I recently received one of the new Leadshine DM556,
http://www.americanmotiontech.com/pr...ries/DM556.htm
DSP based stepper motors from American Motion Technology. I'm designing a high end telescope mount and have been searching for an extremely smooth stepper driver to compliment the mount.
My test bed for stepper drivers is a 2'x4' 80/20 CNC router. Important features for me are:
1. Smoothness of motion. When your tracking stars through mega-buck telescopes, the motion has to be silky servo-like smooth.
2. Heat. I've tested a lot of steppers and am surprised at the difference the driver topology can make in how much heat is absorbed by the motor. As a high end mount with the motors exposed, I don't want to be burning my customers.
3. Noise. Nobody likes having a peaceful night of astronomy ruined buy buzzing motors.
4. Speed. Speed and steppers are often enemy's but in my application, I need a high dynamic range stepper driver so that it doesn't take all night to get to another astronomical object.
How the Leadshine DM556 rates on my list of important features:
1. Smoothness of motion: With stepping rates all the way down to 256:1 the microstepping feature is certainly adequate. But large number of microstepps does not necessarily translate to true smooth motion. The great thing about the DM556 is the tuning software that is included with controller. It allows you to have very fine control over the way the motor is handled by the controller. This lets you tune your controller to your motor, essentially eliminating resonance.
2. Heat: I have been pleasantly surprised at how little motor heating occurs with the DM556. It has been my experience that you can either have a cool motor, or a cool controller but not both. Well, so far I have both with the DM556. I don't know how it does it, but I like it.
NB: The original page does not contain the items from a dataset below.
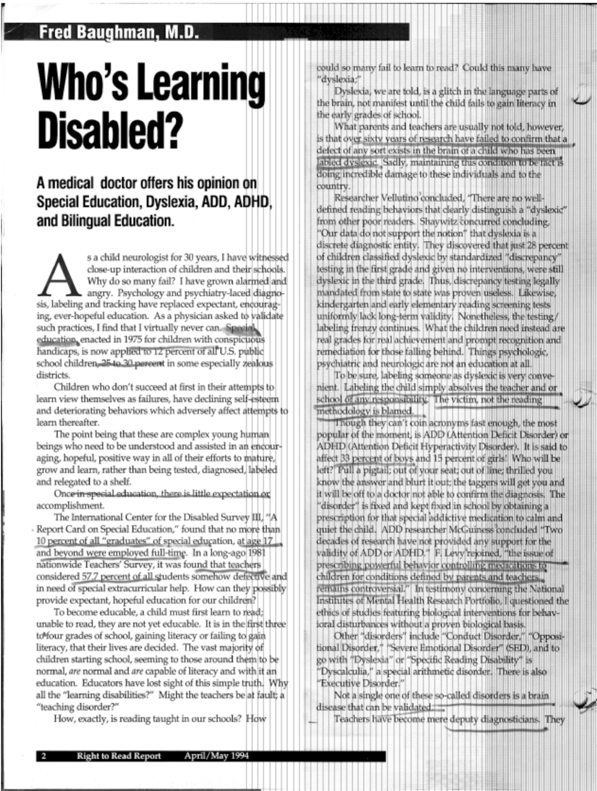 With about fifty percent (47%) of Bay District Schools students unable to read proficiently there is still a very big problem. How many of these children are labeled Learning Disabled? How many are teaching disabled because they are still using a failed method of teaching reading. And why? If John Winston could take a 98%minority school that served 3 housing projects in Natchitoches, Louisiana (Parks Elementary) and bring the usual 40 learning disabled to one or two and end disciplinary problems merely by changing the reading method to the Spalding Writing Road to Reading (an effective Phonics program) why would Bay District Schools hesitate? Too much invested in the old method? (Dothan's excuse in 1992).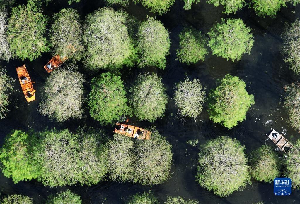 5月1日,游客在江蘇省揚(yáng)州市淥洋湖濕地公園的水上森林乘船游覽(無人機(jī)照片)。   新華社發(fā)(孟德龍 攝)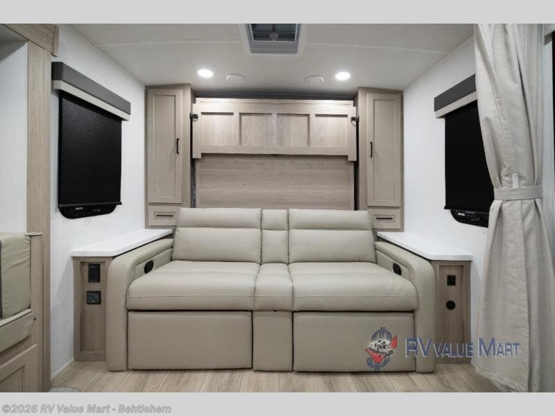 Camping in this double slide out travel trailer will make weekends at the campground comfy and hassle-free! Once you arrive, you can unload the pass-through storage, put out the 18' power awning, then make lunch on the three burner cooktop. Everyone can gather around the U-shaped dinette slide for meal times or game night, and there is a spacious pantry where you can store snacks! Within the bunkhouse you'll find a dream dinette and a flip-up bunk, plus a TV option if you want to add entertainment. And you're sure to appreciate the front 74" sofa with a Murphy bed, dual wardrobes, and a privacy curtain!

3. Noise: Some of the unipolar choppers that I've tried make a constant hum while the motor is still. This is unacceptable for my application. The DM556 is 100% silent, and even in motion is much quieter than many other drives I've used.
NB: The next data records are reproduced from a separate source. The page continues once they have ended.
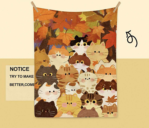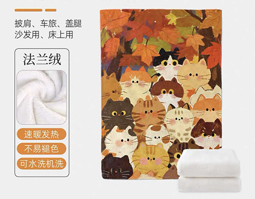 ●楓紅樹下好多貓法蘭絨毛毯(200*150cm)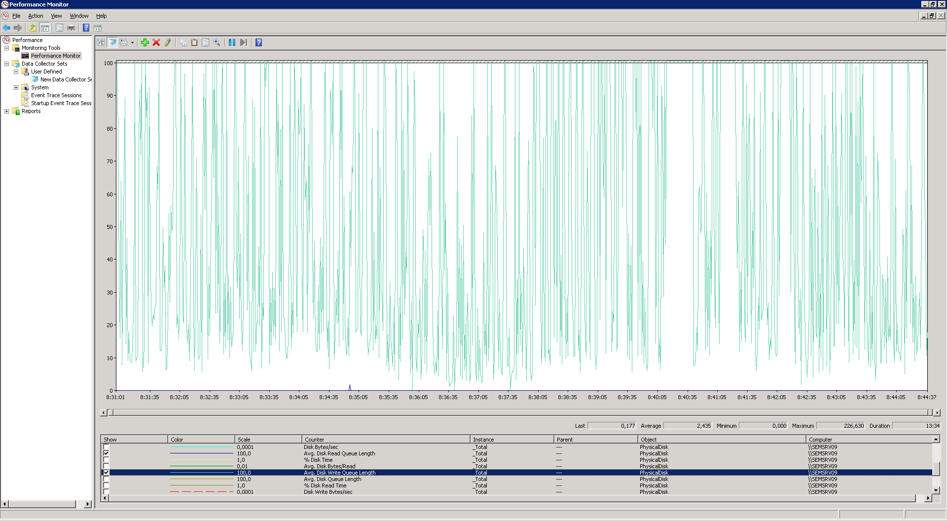 Запустил перфмон на серверах позже приложу отчеты о производительности. Сейчас используем установленные в дисковые подсистемы самих серверов (SAN или NAS - нет).
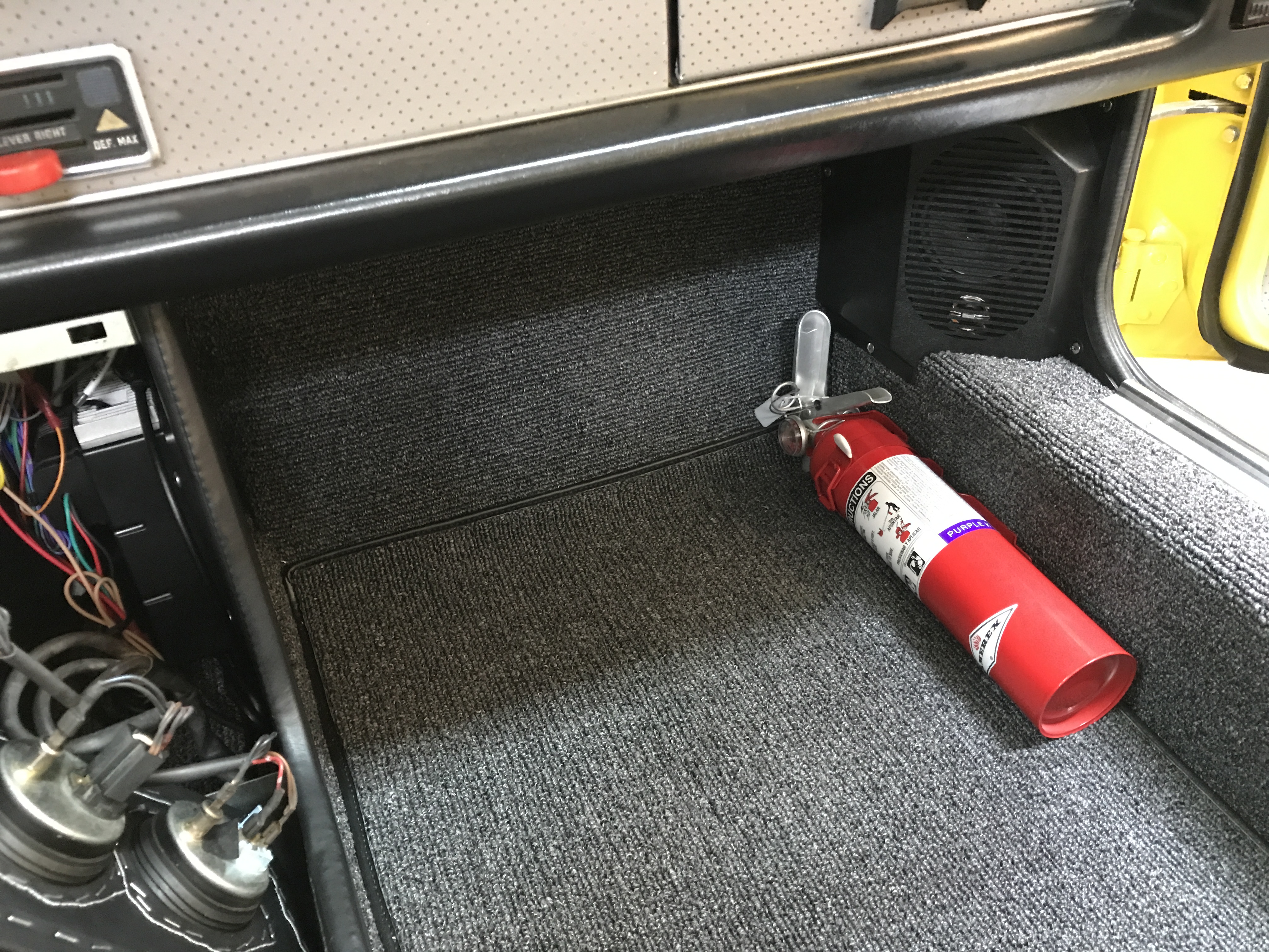 Now I need to mount my fire extinguisher someplace. I have one in every car, and especially want one in my 914. So far, I like this location best. Any other ideas?

6. Speed: High speed for my application requires zero loss of steps, smooth motion, and zero resonance. Anything less and you'll have megabuck telescopes being thrown out of optical alignment. My maximum speed on the mount is 1200 RPM. I have only been able to go up to 600 RPM with my test mule router so far. At 600 RPM the motion is very servo like and hauls my 80/20 router around at 150 IPM, I'll be working to test out the DM556 at faster speeds in the future.
So far I'm very impressed with the DM556. The software tuning of the motors allows excellent performance over a wide range of motors and applications. The smooth DSP controlled performance of the drive is the best I've found yet (at any price) in a stepper driver.
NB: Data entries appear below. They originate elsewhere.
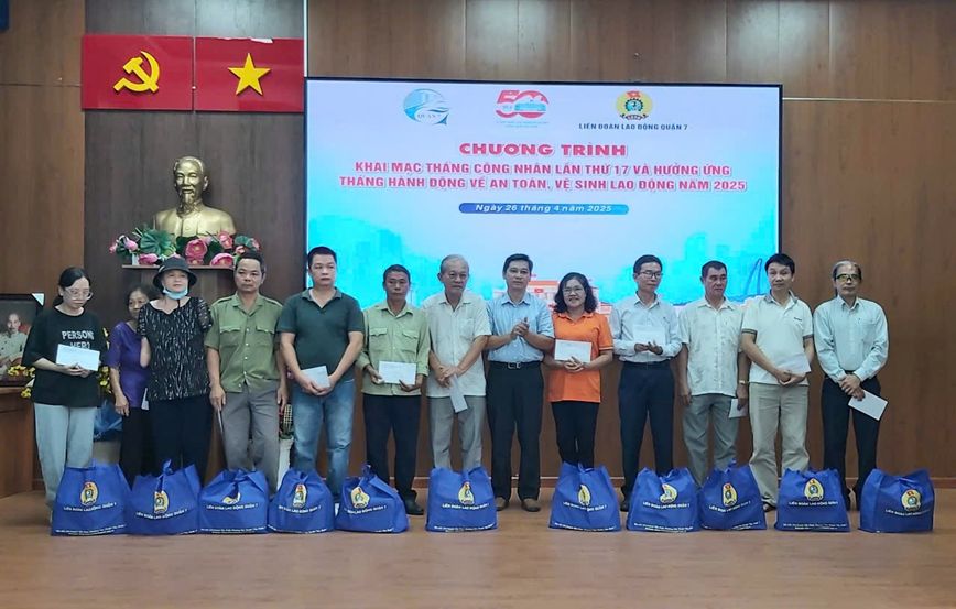 Trong “Tháng công nhân” lần 17 năm 2025, LĐLĐ Quận 7 thực hiện các chương trình chăm lo, tri ân đoàn viên công đoàn, người lao động, nhất là đoàn viên công đoàn, người lao động khó khăn, bệnh năn y, bệnh nghề nghiệp, không may bị tai nạn lao động, trọng tâm là Chương trình “Triệu phần quà – cảm ơn người lao động” và trao 1.500 phần quà theo phân bổ thành phố; Chương trình “Phiên chợ nghĩa tình”, triển khai 3.500 phiếu quà mua hàng bình ổn giá; chăm lo 09 em mồ côi do Covid; 45 công nhân bị tai nạn lao động, công nhân có hoàn cảnh khó khăn; 15 đoàn viên bệnh hiểm nghèo và 01 trường hợp đoàn viên qua đời; trao tặng 04 mái ấm công đoàn…, tổng kinh phí thực hiện là 3 tỷ 685,880 triệu đồng.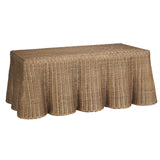 The Willow Rattan Coffee Table is accented with its ripple-shaped base and whimsical silhouette. The ripples splay out like a skirt making it wider towards the ground.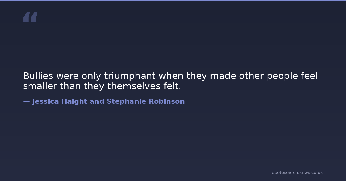 Bullies were only triumphant when they made other people feel smaller than they themselves felt. bullies bully-quote confidence middle-grade-mystery stand-up-to-bullies Download Image Share on X Share on Facebook Copy Link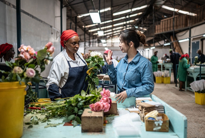 2024年5月18日,湖南玺悦国际贸易有限公司负责人黄梓楠(右)在肯尼亚纳纽基的坦布济花卉农场挑选鲜花。中国政府2021年11月宣布为非洲农产品输华建立“绿色通道”,缩短检验检疫时间,扩大关税豁免,为肯尼亚鲜花及非洲各国的牛油果、柑橘、菠萝等特色农产品打开了销路。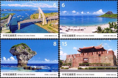 【新唐人亞太台 2020 年 01 月 13 日訊】為推展臺灣觀光,讓民眾感受臺灣豐富的景觀風貌及人文風情之美,中華郵政繼105年起發行「寶島風情」系列郵票-臺東縣、臺南市、馬祖、臺中市、澎湖縣、宜蘭縣及花蓮縣後,今年(109年)以屏東縣著名景點鵬灣跨海大橋、墾丁國家公園、小琉球花瓶岩及恆春古城等屏東縣著名景點為題材,發行「寶島風情郵票-屏東縣」1套4枚,面值分別為6元2枚、8元及15元。

For reference my test setup was a
www.cncrouterparts.com based 80/20 4'x2' router with an ACME 2 start 8 TPI (4 effective) thread. My motors are Hobby CNC 425 oz/in run in bi-polar mode. My power supply is 48volts at sufficient amps.
Previous to using the DM556 I was using a HCNCPro uni-polar 3 amp driver. Maximum speed was 50IPM, using the same current settings I'm now running at 150IPM (in bi-polar series) with the DM556.